When is it going to stop?

Among the frustrations in modern life are things so ridiculous, so patently illogical, that when you run into them you are propelled to ask, “When are we going to stop this?”

I have heard from several motorcar owners here of the local traffic police practice of pouncing on drivers who overtake on a double line. Officers will pursue these transgressors for blocks, and heavy fines are imposed. Clearly such drivers are in the wrong, but why is it then that nobody seems to get charged for tail-gating, or for overtaking on corners, or for driving through red lights? These are all offences that take place here almost hourly, and they are far more dangerous practices. Do you know anyone who has been charged for these things?  It’s a peculiar double standard; when are we going to end it?

Sports championships are “best of” – 4  out of 7, 3 out of 5, etc. That’s the formula for a series in every sport – every one except cricket. In the recent 5-match West Indies/India ODI series, India wins the first three games, but the teams still play out the full five games. What for? It’s nonsensical.  What is being achieved? What result will be changed by this? What could possibly be the motivation for the players to put out in those two meaningless games? Knowing the match means nothing, what is going to propel a player to bowl flat out and possibly pull a muscle, or dive for a catch and possibly hurt his shoulder, or move out to a fast bowler and take a blow on the helmet, or lunge to avoid a run-out and injure his hip? You’re up 3-0; that’s the end, but no, we play two more games. The silliness continued with ecstatic headlines when West Indies won game 4; hello? It was a nothing match; India had rested four of their best players; the series was over; what are we celebrating? Why are we still playing those two meaningless games? Imagine a team going up 4-1 in the baseball World Series, but in the locker room afterwards the coach says, “Remember, we have two more games to play.” It’s ridiculous, right? Well it happens in cricket all the time. When is that foolishness going to stop?

This one really gets to me: when are we going to stop using the disgraceful expression “ethnic cleansing”?  The genocide that went on in Kosovo and the Congo and places like that was not any kind of cleansing; it was ethnic murder. People were being chopped up and mutilated simply because of the ethnic group they belonged to. Furthermore, apart from the horror of the act itself, to then choose to describe it as “cleansing” means that the people killed had to be something akin to vermin and therefore deserved elimination. “Ethnic cleansing” is a sick dance around the truth. Persons who repeat the phrase glibly are perpetuating the dance. We should challenge people to stop saying it because it is a sickening travesty. World famous newscasters such as Blitzer and Amanpour use it all the time without batting an eye.
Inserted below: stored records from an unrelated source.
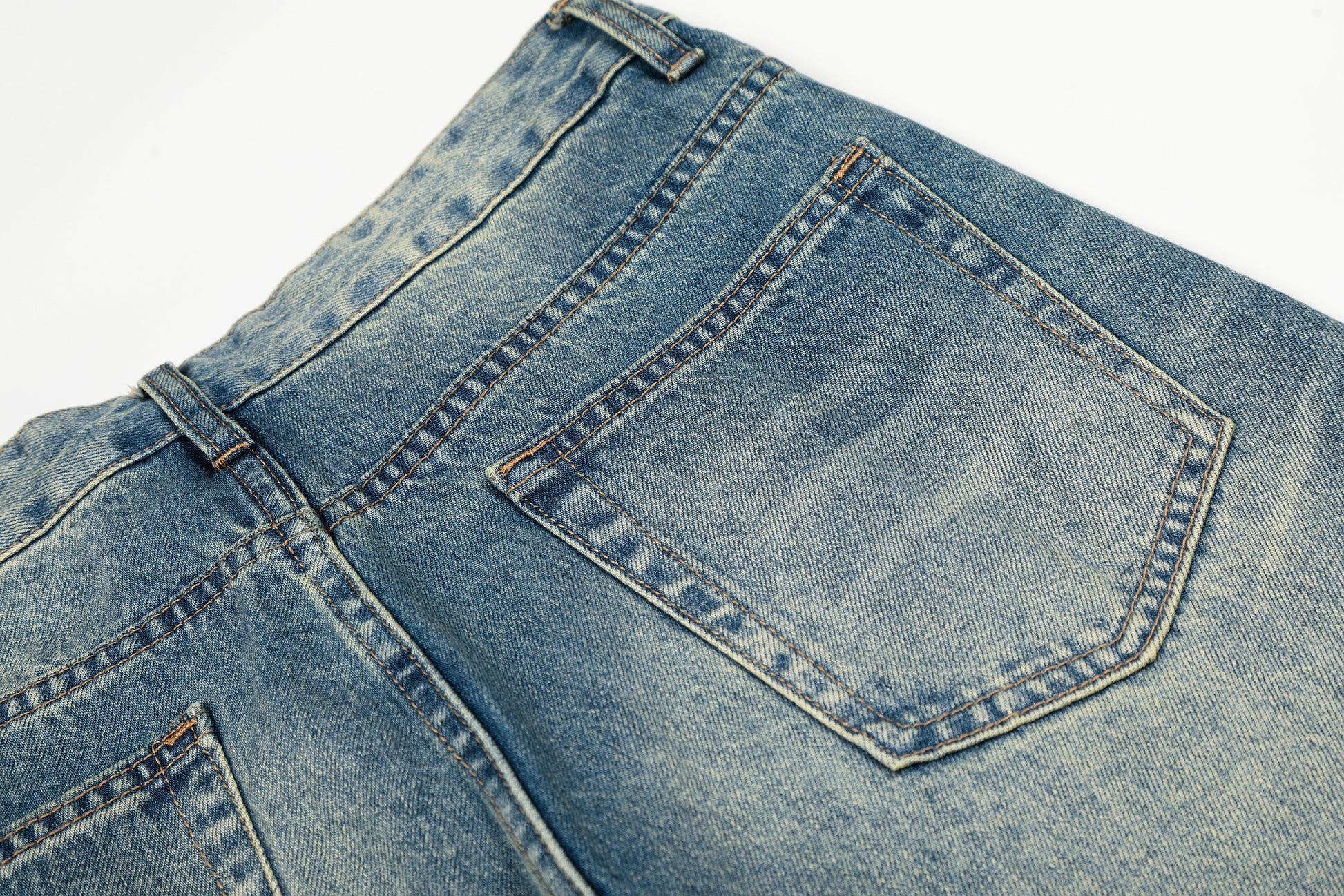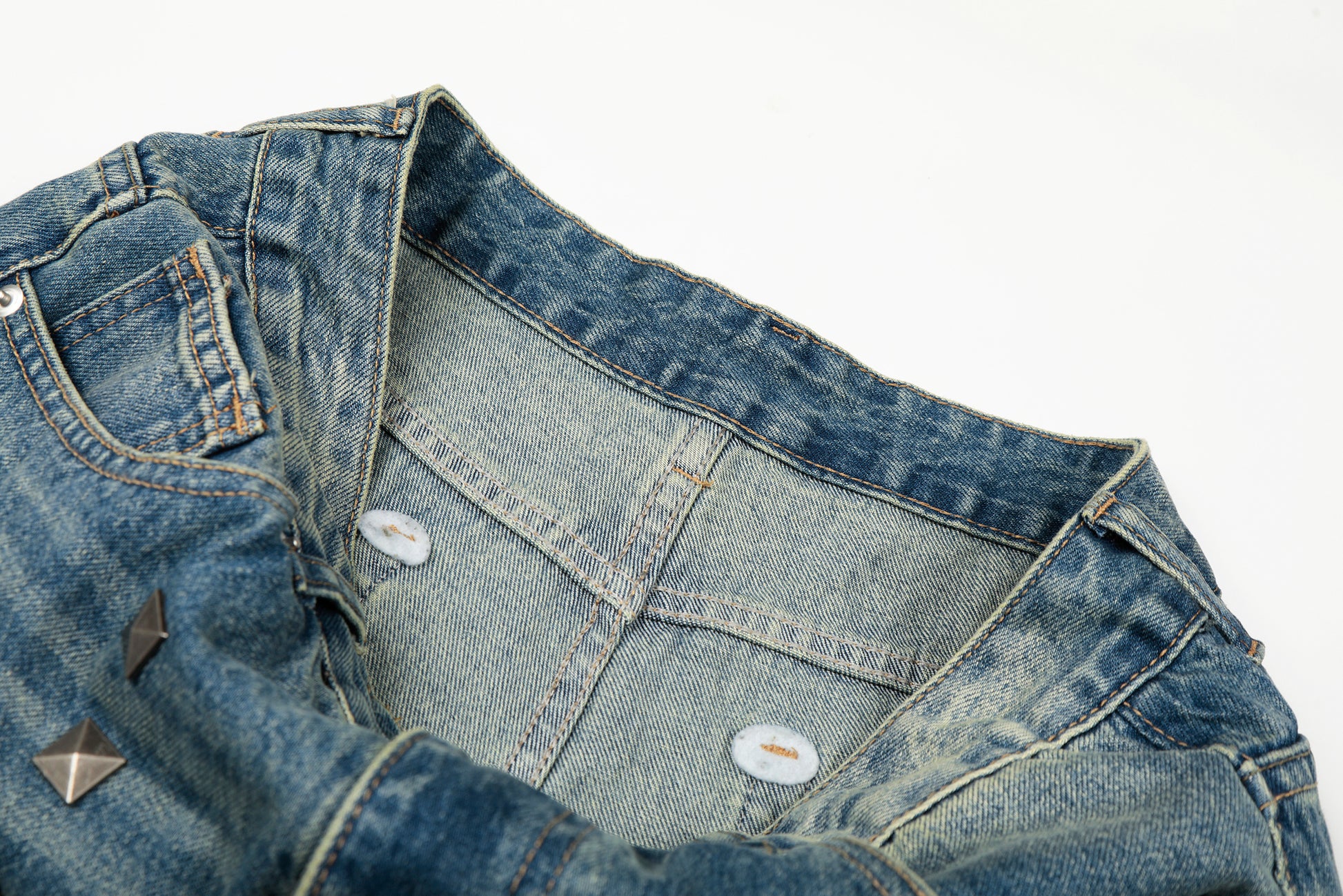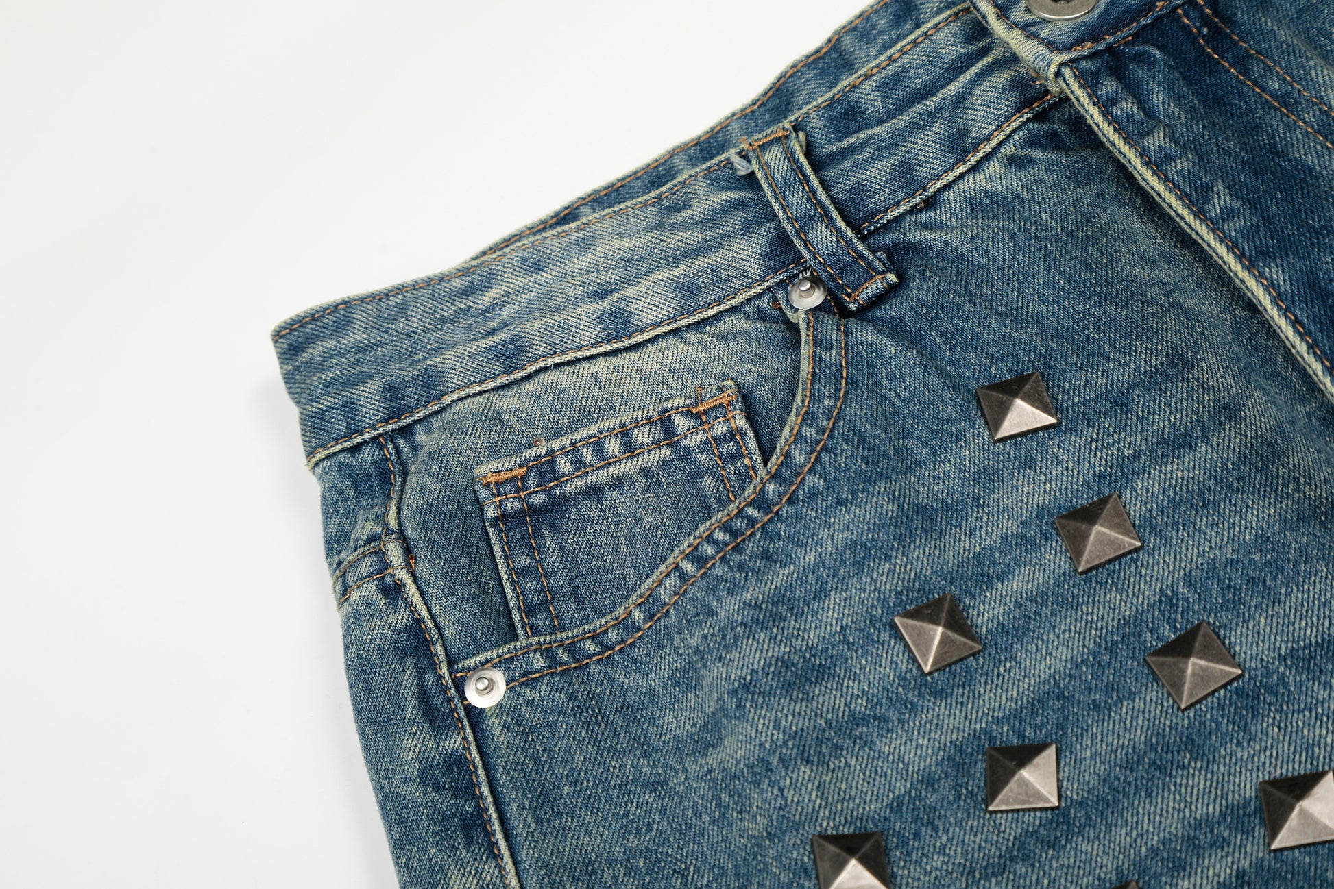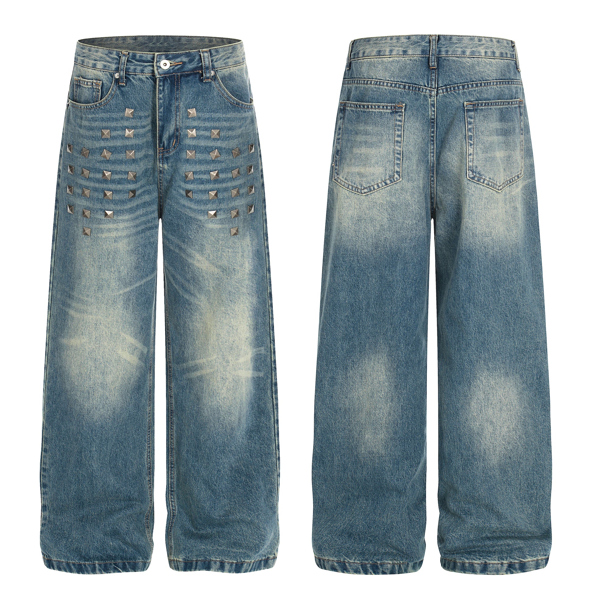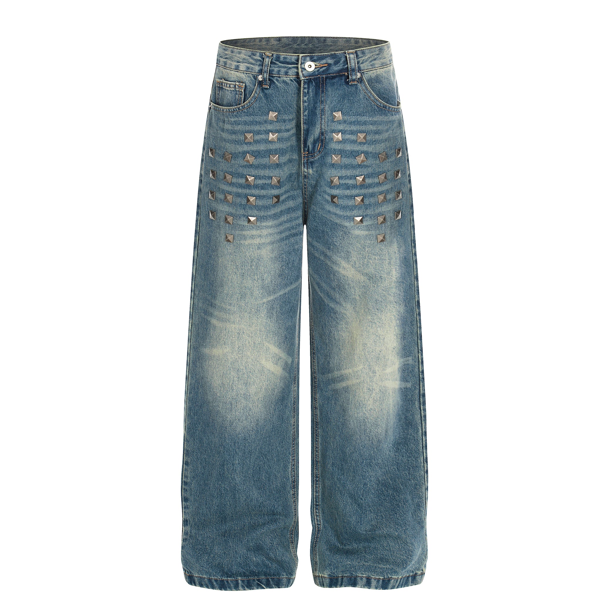 The Omirad Studded Wide-Leg Vintage Wash Jeans bring bold attitude to classic denim. Featuring metal pyramid studs arranged across the front panels, this pair blends raw street energy with standout detailing. The wide-leg silhouette and heavy vintage wash create an effortless retro look, while the premium cotton-blend fabric ensures durability and everyday comfort. Designed to elevate any streetwear fit, these jeans deliver texture, structure, and unmistakable edge.
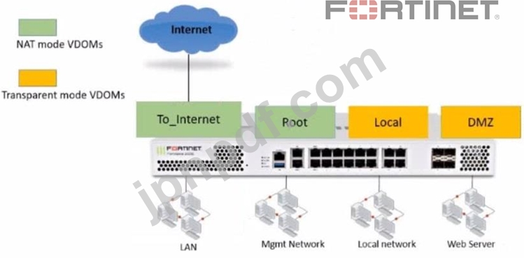 Root および To_Internet VDOM は NAT モードで構成されます。DMZ とローカル VDOM はトランスペアレント モードで構成されます。
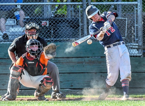 Photo by JOEL TAKARSH/for The Daily Courier PIC #0414 (2nd inning) Nuggets #12 hits a double that drives in 2 runs
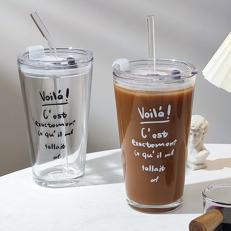 • 파란색 글자컵 + 뚜껑 + 투명유리 빨대 [1박스 58개입]
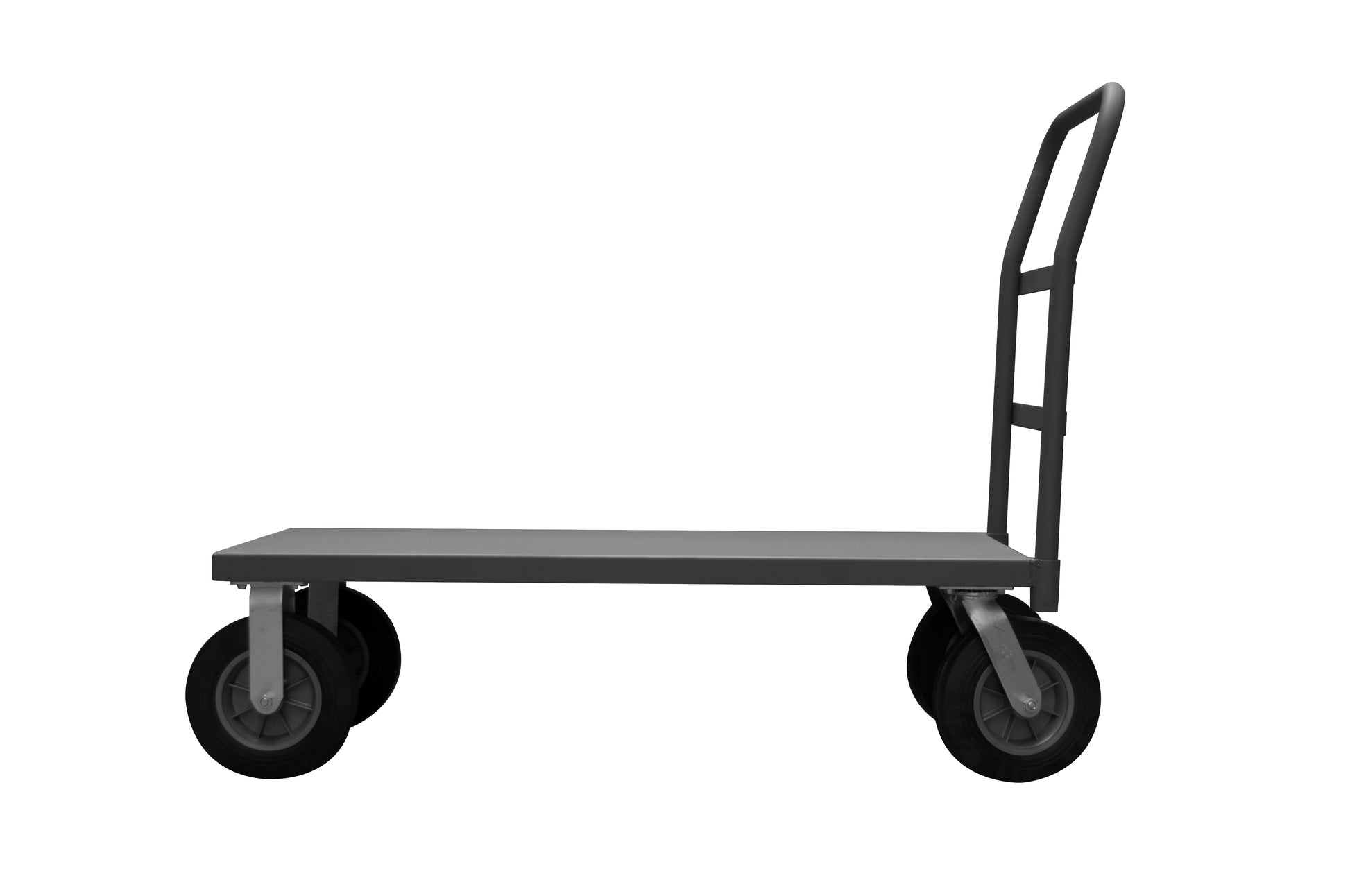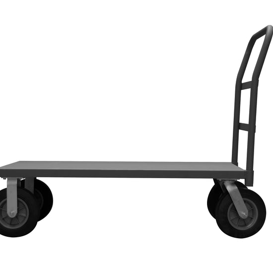 Platform Truck, 12 Gauge, 1500 lbs Capacity, 30 x 60, Flush Deck, 10 x 2-9/16 Semi-Pneumatic Casters - (2) Rigid, (2) Swivel, Gray
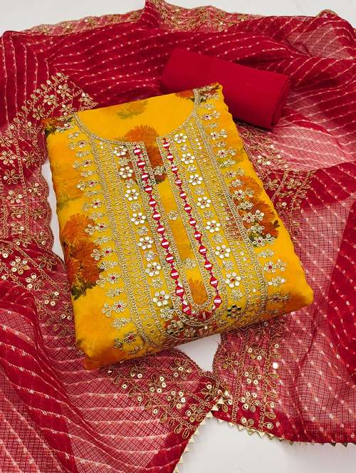 - Look ultra gorgeous in unstitched suits from Leeli Peeri Designer and grab these beautiful suits in yellow colour.
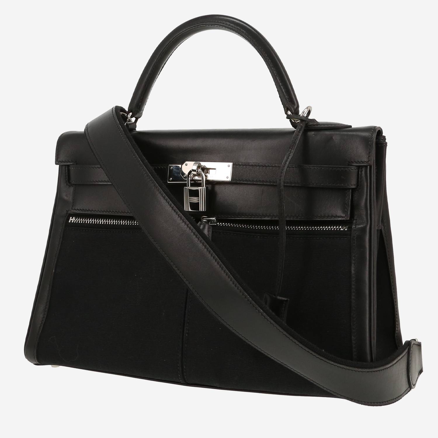 Straordinaria borsa Hermès Kelly Lakis in pelle box nero e tela nera, inserti in palladio, manico in pelle nera, tracolla removibile in pelle nera da portare a mano, in spalla o a tracolla.
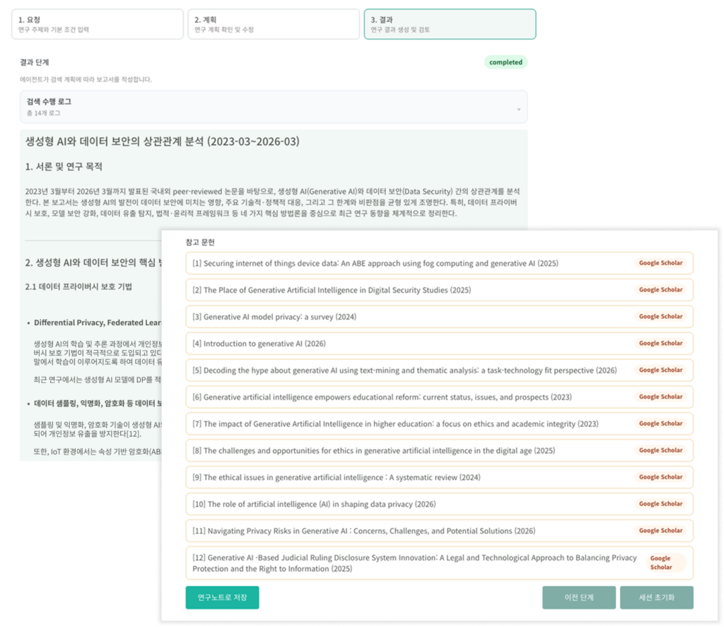 - 확정된 연구 계획에 따라 AI가 상세 보고서를 작성합니다.

When are they going to stop?

Similarly, during the Iraq War, the Americans, with their raging mania for euphemisms, came up with the astonishing term “contractor” for soldiers working in concert with US Armed Forces.  In conventional English the word “contractor” is generally used to designate someone involved in building construction; those people in Iraq whom the Americans designate as “contractors” are actually mercenaries doing what soldiers do – they move about armed with assault weapons and powerful grenades and they kill people. Calling them “contractors” is a fraudulent attempt to avoid calling a spade a spade. Come on America, you’re big boys now – when are you going to stop this subterfuge?

When you call the utility companies in Guyana to report a problem, you inevitably end up hearing a recorded message telling you earnestly that they have the customer in mind, and they value your call, “so please don’t hang up.” Fifteen minutes later you’re still hearing the message, and you still haven’t spoken to anyone.  If they truly wanted to hear your problem, wouldn’t you think they would hire more operators to take all those valuable calls more quickly?  When are they going to stop that charade?  As one irate customer said to me recently, “The message they should put on the phone should say, “Don’t bother to call about your problem; just come to the office.”

All over Guyana, any day in the week, you run into some inferior product made in China.  From umbrellas that that don’t last through two showers of rain (I know about that first-hand), or a USB cable that came apart in the computer one week after I bought  it, Guyanese are learning from bitter experience to try and avoid Chinese gear.  A mechanic friend of mine told me last week, “China has different levels of quality – A, B, C, etc.  I think what they send to Guyana is all like Z.”  The Chinese can certainly read the complaints in English about their goods; when are they going to stop churning out that cheap stuff that leaves you in the lurch?

In most countries, utility payments are due when you get a bill. Here the utility companies have adopted the astonishing position that if you don’t get a bill telling you what you owe, you still owe it. In practice this means that if the bill is late for any reason – issued late; delivered late by the post office; delivered to the wrong address; simply lost – the utility company is not responsible for your late payment and will cut you off without any warning whatsoever.  In simple English, the utility companies’ position is that it is your responsibility to find out what you owe. When are they going to stop that? When somebody takes them to court for unfair business practice?  (Is Nigel Hughes reading this?)